_Exercise objective_: Beginning with the line below that contains "La Covei Meta" and ending with the line that contains "Роза Мондиаль –", retype every line exactly. Pictures are not copied.

_Stored dataset items_:
++++++++++
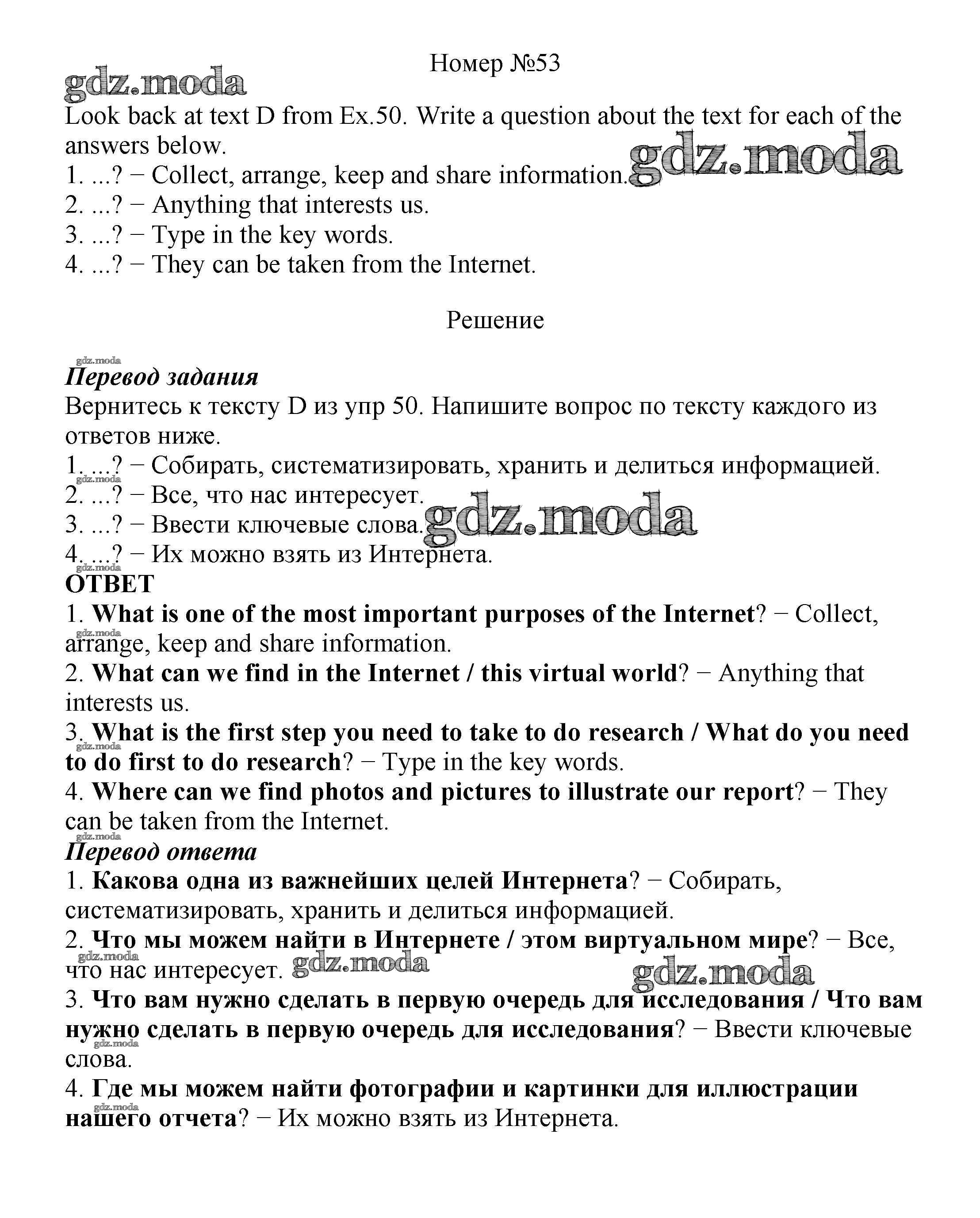 ОТВЕТ на задание № 53 Учебник по Английскому языку 8 класс Биболетова Enjoy English
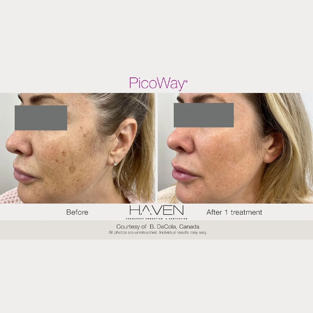 At Haven Permanent Cosmetics & Aesthetics, we use the PicoWay® Resolve Laser, an advanced fractional technology that rejuvenates your skin from the inside out. The laser emits ultra-short pulses of light energy that reach beneath the surface to target pigmentation, fine lines, acne scars, and texture concerns. This energy breaks up unwanted pigment and stimulates your body’s natural collagen production for smoother, firmer, more radiant skin.
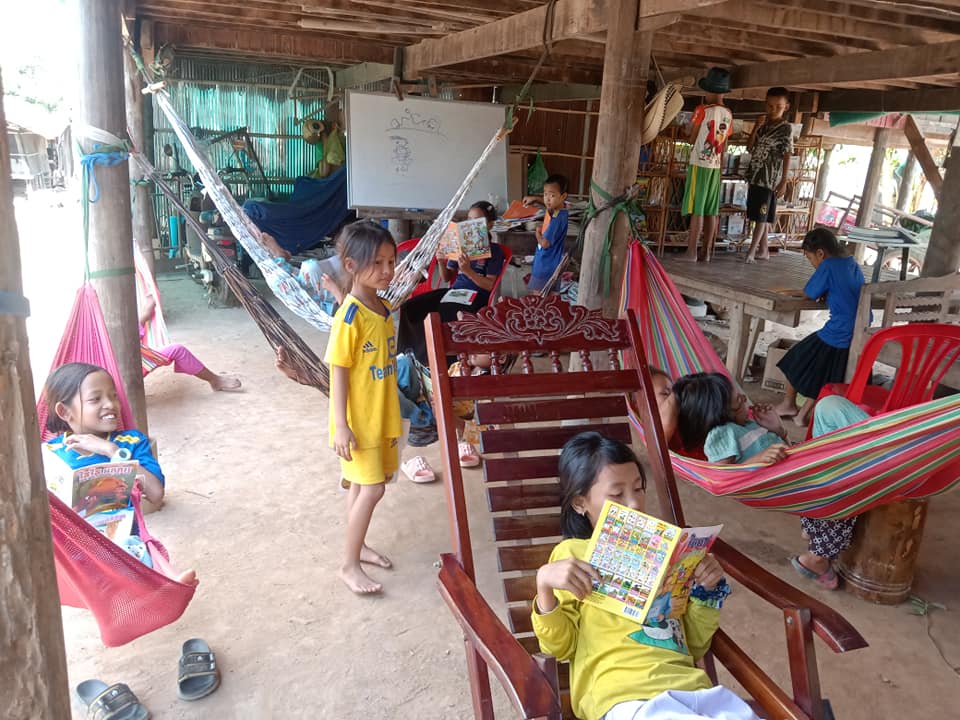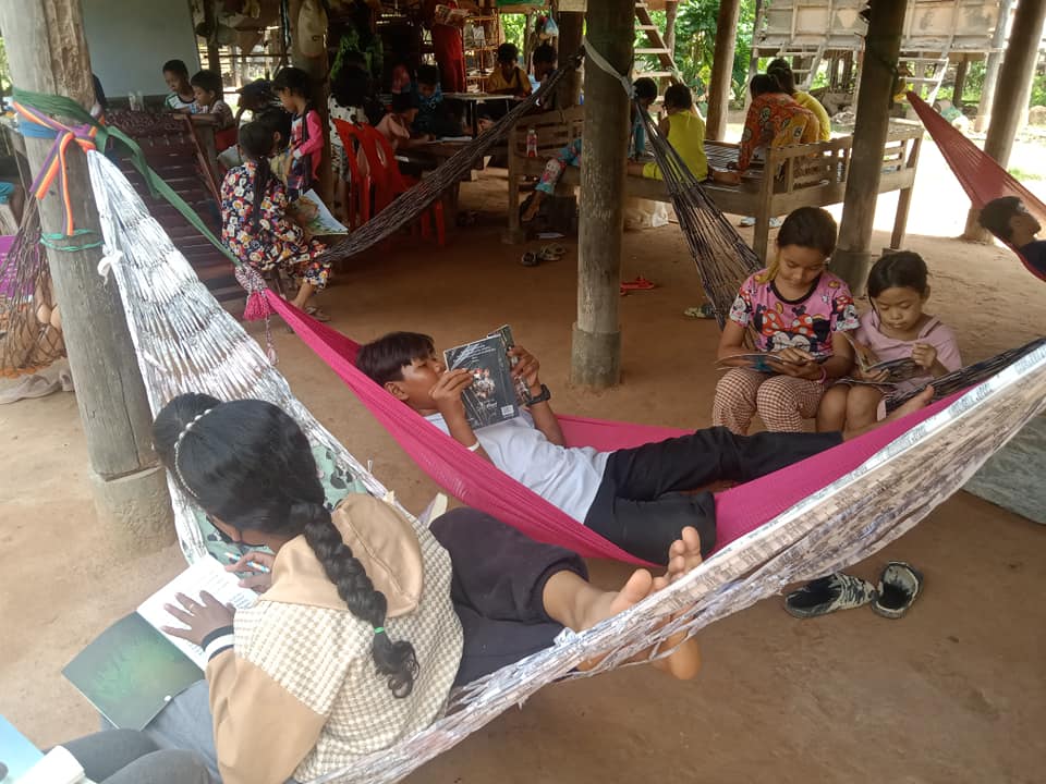 បណ្ណាល័យផ្ទះខ្ញុំ រៀបចំធ្វើនៅខាងក្រោមផ្ទះ មានធ្នើរដាក់សៀវភៅចម្រុះ ទាំងសៀវភៅសម្រាប់កុមារ និងយុវជន សៀវភៅអប់រំ សៀវភៅលើកទឹកចិត្ត សៀវភៅប្រលោមលោក សៀវភៅអប់រំគំនិតជាច្រើនទៀត។ កុមារ និងយុវជន តែងមកអានជុំគ្នានៅលើគ្រែខាងក្រោមផ្ទះ ខ្លះអង្គុយអានលើអង្រឹងប្រកបដោយបរិយាកាសរីករាយ។
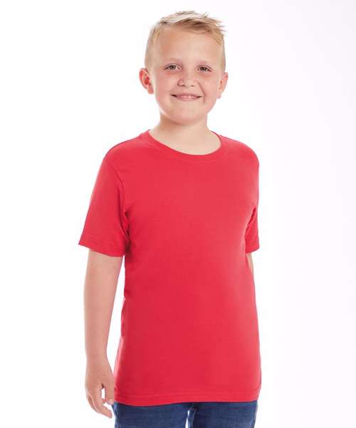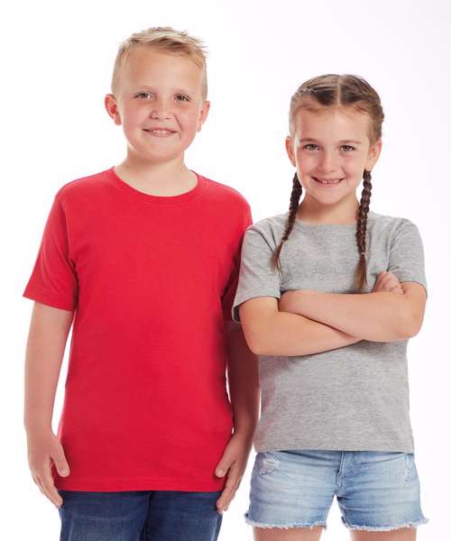 Fine narrow neck rib. Contrast colour back neck tape. Unisex fit. Neutral size neck label for easy relabelling. Red & White: 100% organic cotton certified to the OCS. GOTS certified. Oeko-Tex certified. Vegan certified.
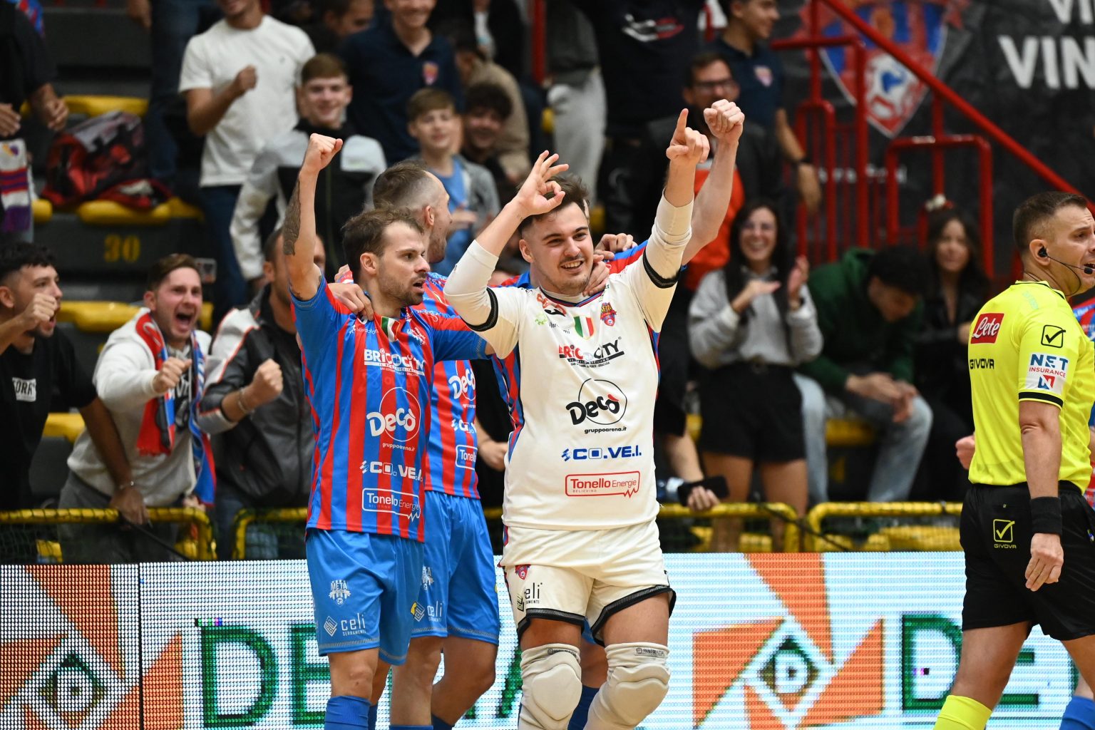 La Covei Meta Catania Bricocity resta a punteggio pieno. I bi-campioni d’Italia fanno festa nella prima gara casalinga della stagione, battendo 5-4 l’Ecocity Genzano all’ultimo respiro. Al PalaCatania decide il gol di Pulvirenti a 30″ dallo scadere. Straordinaria doppietta di Turmena. Nonostante le assenze di Carmelo Musumeci, Timm e Dian Luka e il cartellino rosso a Bocão, la Meta si prende l’intera posta ed è nel terzetto al comando della classifica, a quota 6 dopo due giornate, insieme a Feldi Eboli e Active Network.
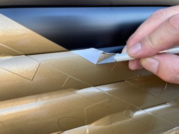 その後、数回に分けてゴールド塗料を吹き付けます。
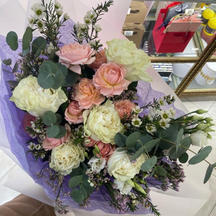 Роза Мондиаль – 5 шт.кустовая роза джульетта – 3 шт.Лимониум – 3 шт.Ваксфлауэр – 3 шт.Эвкалипт – 4 шт.Лизиантус – 1 шт.Упаковка дизайнерская – 2 шт.
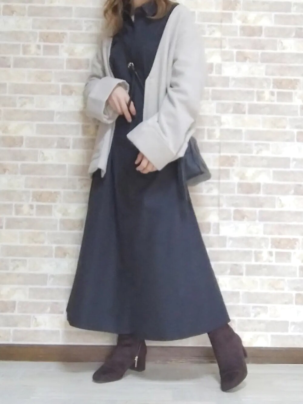 Instagram🪩@aya.wear08 @ecrire.jp ✕ @haushinka71 さん コラボジャケット🧥 厚みがあり、暖かいです♡ キレイめにも✨ タートルネックに合わせても可愛いだろうな😊
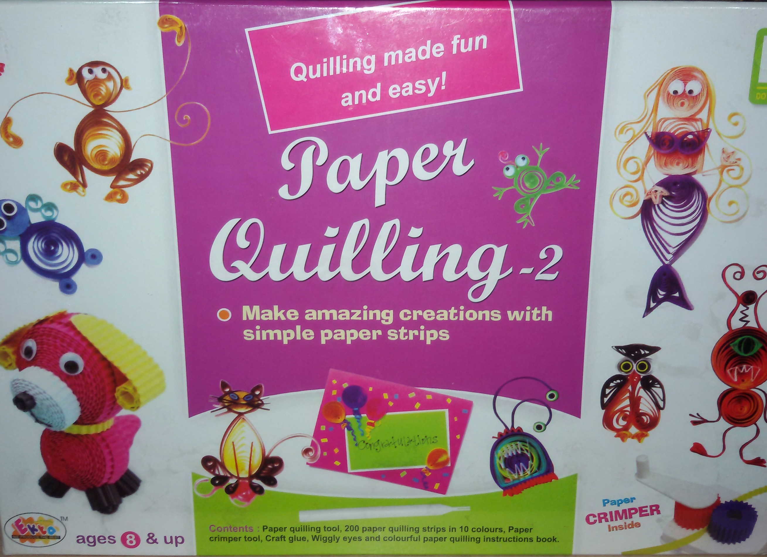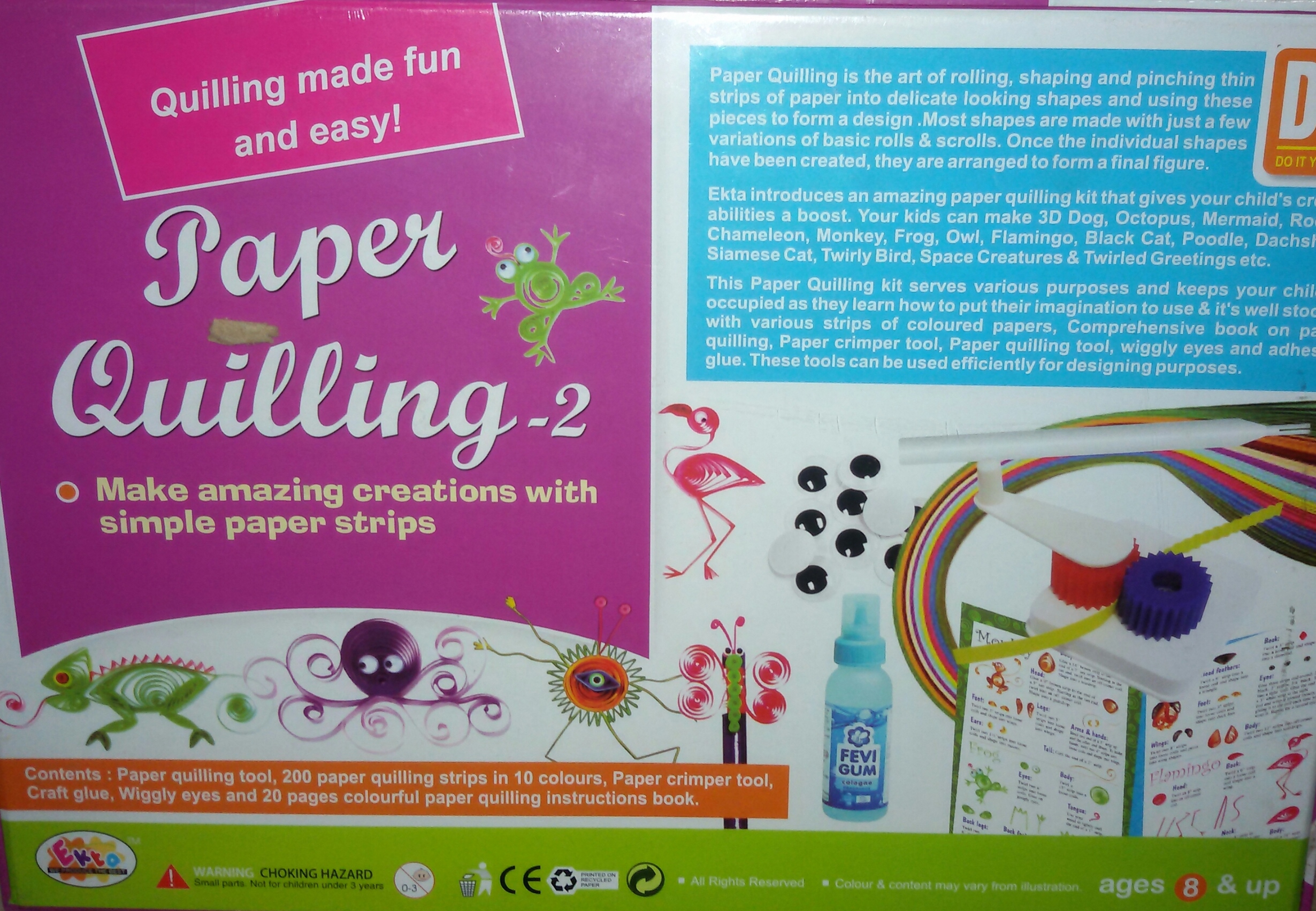 Ekta introduces an amazing paper quilling kit that gives your child’s creative abilities a boost. Your kids can make 3D Dog, Octopus, Mermaid, Rooster, Chemeleon, Monkey, Frog, Owl, Black Cat, Poodle, Dachshund, Siamese Cat, Twirly Bird, Space Creatures & Twirled Greetings etc.
++++++++++
_Answer space_:
 La Covei Meta Catania Bricocity resta a punteggio pieno. I bi-campioni d’Italia fanno festa nella prima gara casalinga della stagione, battendo 5-4 l’Ecocity Genzano all’ultimo respiro. Al PalaCatania decide il gol di Pulvirenti a 30″ dallo scadere. Straordinaria doppietta di Turmena. Nonostante le assenze di Carmelo Musumeci, Timm e Dian Luka e il cartellino rosso a Bocão, la Meta si prende l’intera posta ed è nel terzetto al comando della classifica, a quota 6 dopo due giornate, insieme a Feldi Eboli e Active Network.
 その後、数回に分けてゴールド塗料を吹き付けます。
 Роза Мондиаль – 5 шт.кустовая роза джульетта – 3 шт.Лимониум – 3 шт.Ваксфлауэр – 3 шт.Эвкалипт – 4 шт.Лизиантус – 1 шт.Упаковка дизайнерская – 2 шт.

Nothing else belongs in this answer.